What it is: A slash command is a saved instruction you trigger by typing a short /name. You write the full instruction once, and from then on you call it with a couple of keystrokes instead of typing the whole thing out every time.

How it helps your work: Everyone has a handful of things they ask for again and again. A slash command turns each of those into a one-word shortcut, and it runs the same way every single time, so the results stay consistent. This is not just for coding. On the technical side, you might make a /review command that checks your latest code changes for bugs, or a /test command that runs your tests and fixes what breaks. On the non-technical side, you could make a /summary command that turns long notes into three clean bullet points, or a /reply command that drafts a polite response to a customer email in your usual tone. Anything you repeat, you can save.
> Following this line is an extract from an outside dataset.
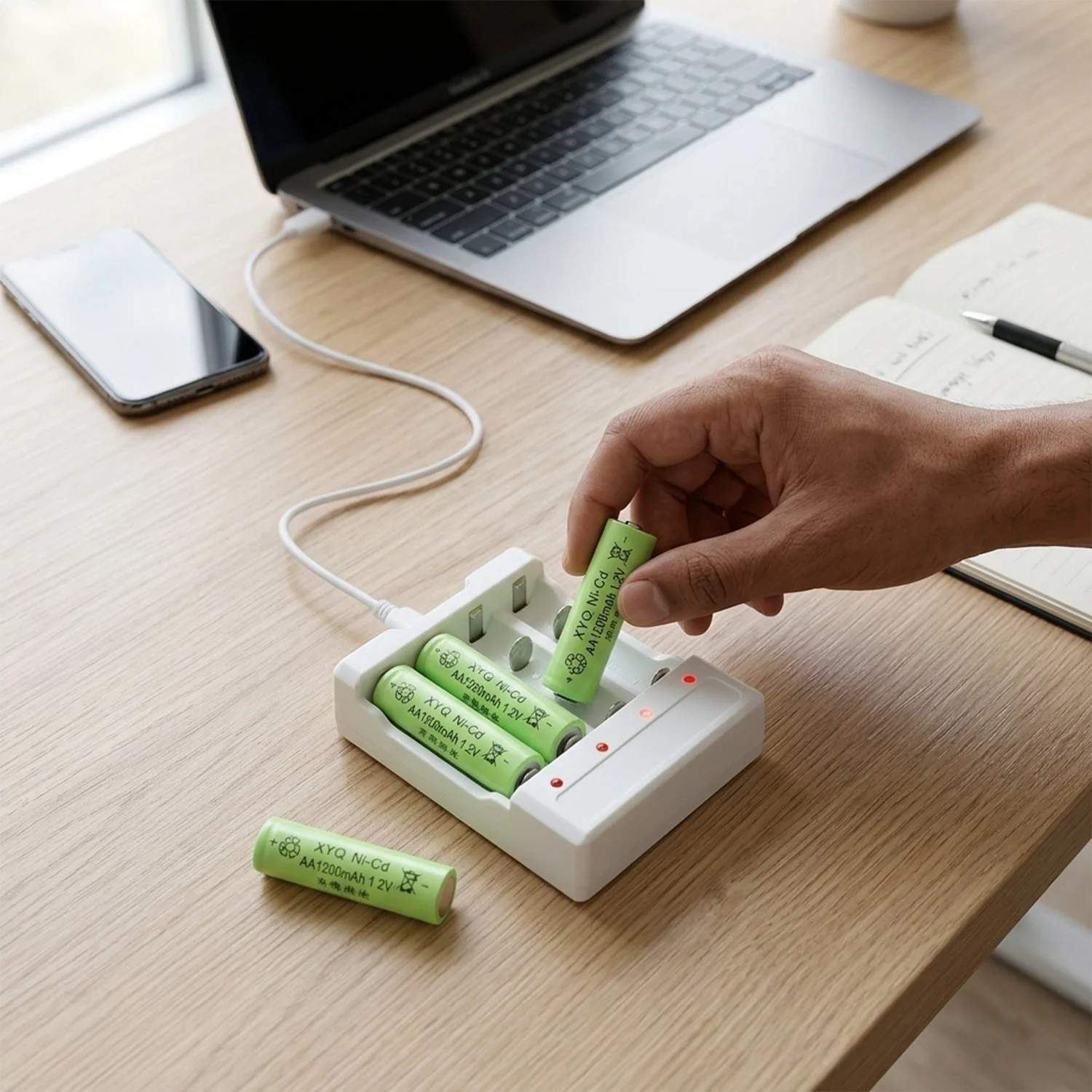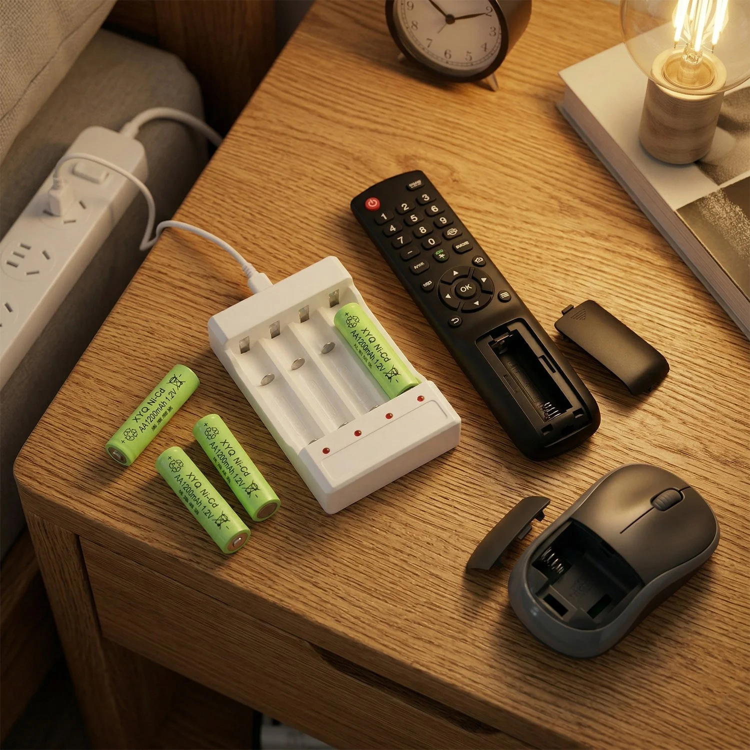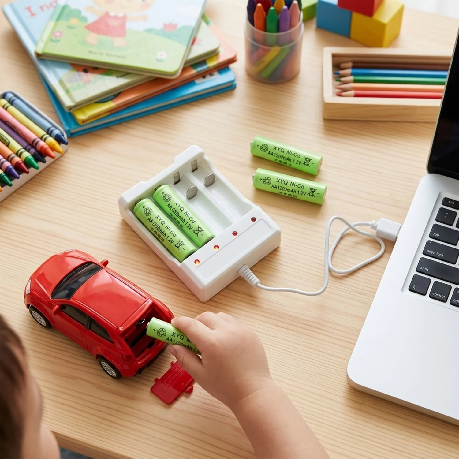 Disposable batteries often create waste and extra expense. The USB Powered Rechargeable AA Battery Charger with 4 AA Batteries offers a convenient and eco-friendly power solution. This AA battery charger quickly charges rechargeable AA batteries for daily devices like remotes, toys, and electronics.

How it saves tokens: You can point a command at a cheaper, faster model for the routine stuff, which keeps the bigger, pricier model free for the hard problems. You also stop rebuilding the same request from scratch each time, which would otherwise burn the same tokens again for the same result.

A quick scenario: Every Friday you write a short update on what changed during the week. Instead of explaining the format each time, you make a /weekly command that already knows your style: pull the week’s changes, group them, and write a friendly three-line summary. Now your Friday update is one word away.
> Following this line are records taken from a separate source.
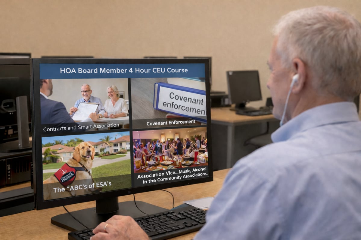 This single-session “mega‑course” is designed to give HOA board members four required CEU credits in one afternoon. These four continuing education credits fulfill the new legislative requirements. This new legislation states that HOA board members of associations with less than 2,500 parcels must complete 4 hours of continuing education annually. Associations with more than 2,500 parcels must complete 8 hours of continuing education annually.
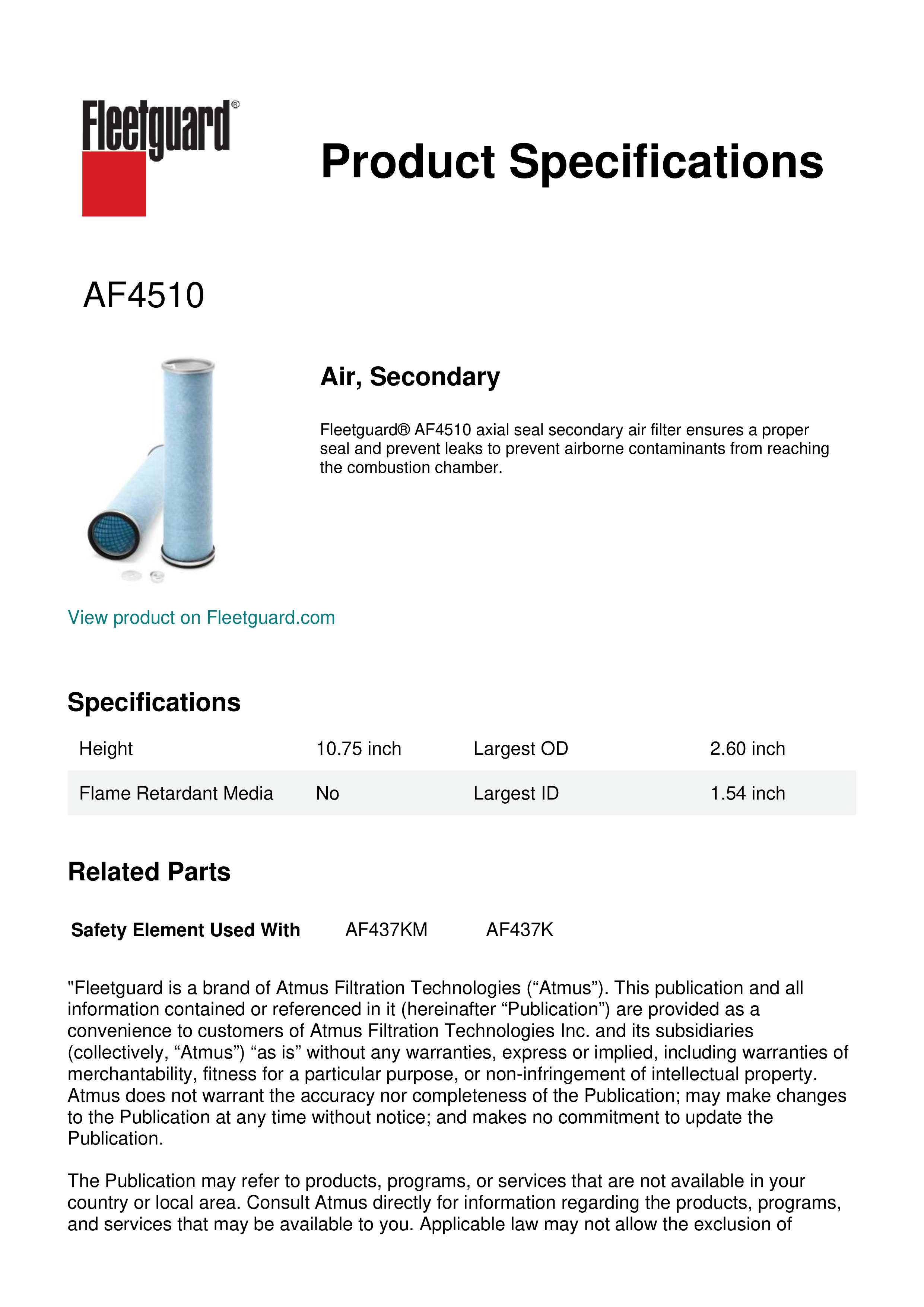 Fleetguard® AF4510 axial seal secondary air filter ensures a proper seal and prevent leaks to prevent airborne contaminants from reaching the combustion chamber.Specification
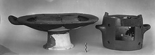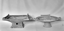 | Description: | Almost the entire circuit of the vase preserved, mended from many fragments. High, hollow foot, shallow flaring sides, rim triangular in section, one handle preserved. Coarse buff gritty clay. Traces of coals in inside. Cf. Agora XII, no. 2030. (Four fragments of brazier of the smaller, deeper type preserved in box.) | |
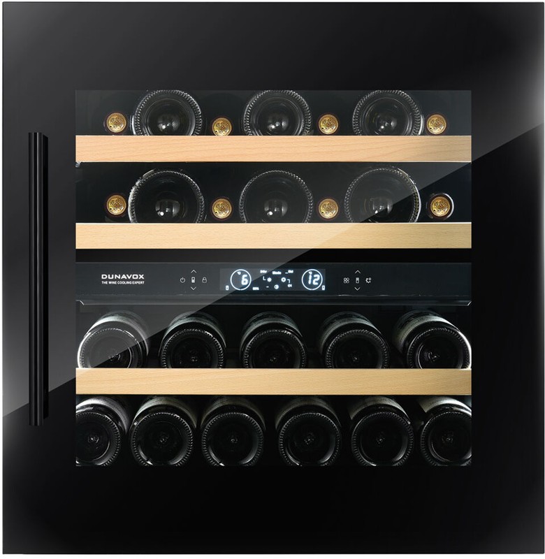 Изысканная модель Dunavox DVS-25.65DB вместимостью 25 бутылок с ЖК-экраном. Встраивается в колонну, полноценно вливаясь в кухонный гарнитур.
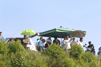 日よけ、スコールよけ、マレーシアのラリー観戦には傘が欠かせません |
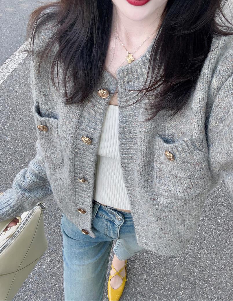 MXRJ秋季2023新款小香风针织外套女毛衣慵懒风高级感软糯气质上衣
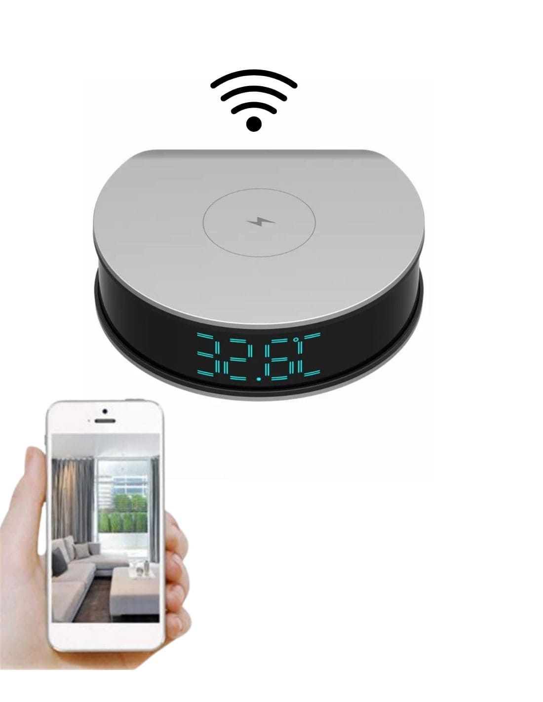 Réveil et chargeur sans fils avec caméra intégrée
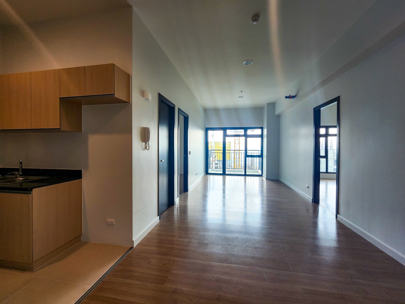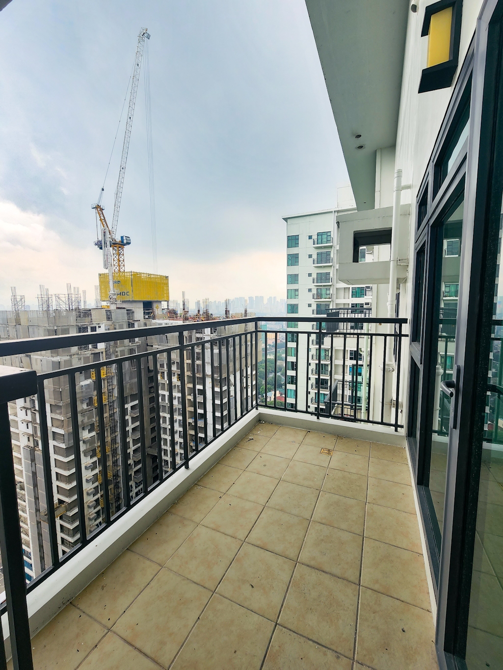 Spacious living area has access to the balcony overlooking the view to Makati skyline
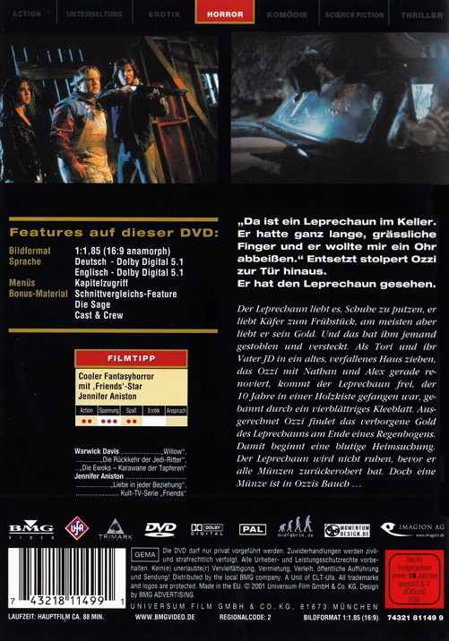 Der Leprechaun liebt es, Schuhe zu putzen, er liebt Käfer zum Frühstück, am meisten aber liebt er sein Gold. Und das hat ihm jemand gestohlen und versteckt. Als Tori und ihr Vater JD in ein altes, verfallenes Haus ziehen, das Ozzi mit Nathan und Alex gerade renoviert, kommt der Leprechaun frei, der 10 Jahre in einer Holzkiste gefangen war, gebannt durch ein vierblättriges Kleeblatt. Ausgerechnet Ozzi findet das verborgene Gold des Leprechauns am Ende eines Regenbogens. Damit beginnt eine blutige Heimsuchung. Der Leprechaun wird nicht ruhen, bevor er alle Münzen zurückerobert hat. Doch eine Münze ist in Ozzis Bauch...
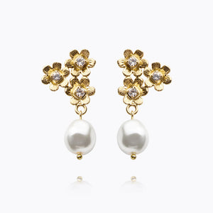 The Caroline Svedbom Juni Earrings are a beautifully romantic design that blends timeless elegance with a feminine touch. Each earring features a trio of delicate gold-tone flowers, each centered with a sparkling crystal that adds a subtle yet eye-catching brilliance. From the floral cluster hangs a lustrous white pearl drop, creating graceful movement and a classic contrast to the golden blooms. The combination of shimmering crystals, soft pearls, and intricate floral detailing makes these earrings both statement-making and versatile. Perfect for weddings, evening events, or simply elevating everyday outfits, the Juni Earrings capture a balance of sophistication and charm, embodying Caroline Svedbom’s signature style of modern luxury with a timeless feel.

A small heads-up: in newer versions, slash commands and skills are merging into one feature. For a fixed instruction you trigger by hand, a simple command works great. For something you want the AI to reach for on its own, a skill is the better fit.

Reference: https://docs.claude.com/en/docs/claude-code/slash-commands


How they work together

The nice thing is that these tools do not overlap. Each one cleans up a different corner of your workflow, so they stack neatly. RTK cleans the messy command output before it reaches the AI. CLAUDE.md makes sure the AI already knows your project. Caveman trims the AI’s replies down to the essentials. OpenSpec stops wasted rework by agreeing on the plan first. And slash commands save you from repeating yourself.

If you are just starting, RTK is the easiest first win, especially if you work in the terminal a lot, because it runs invisibly once set up. After that, keep a lean CLAUDE.md, try Caveman for a few sessions, and add slash commands as you notice yourself typing the same thing twice. The more you lean on AI, the more all of this adds up.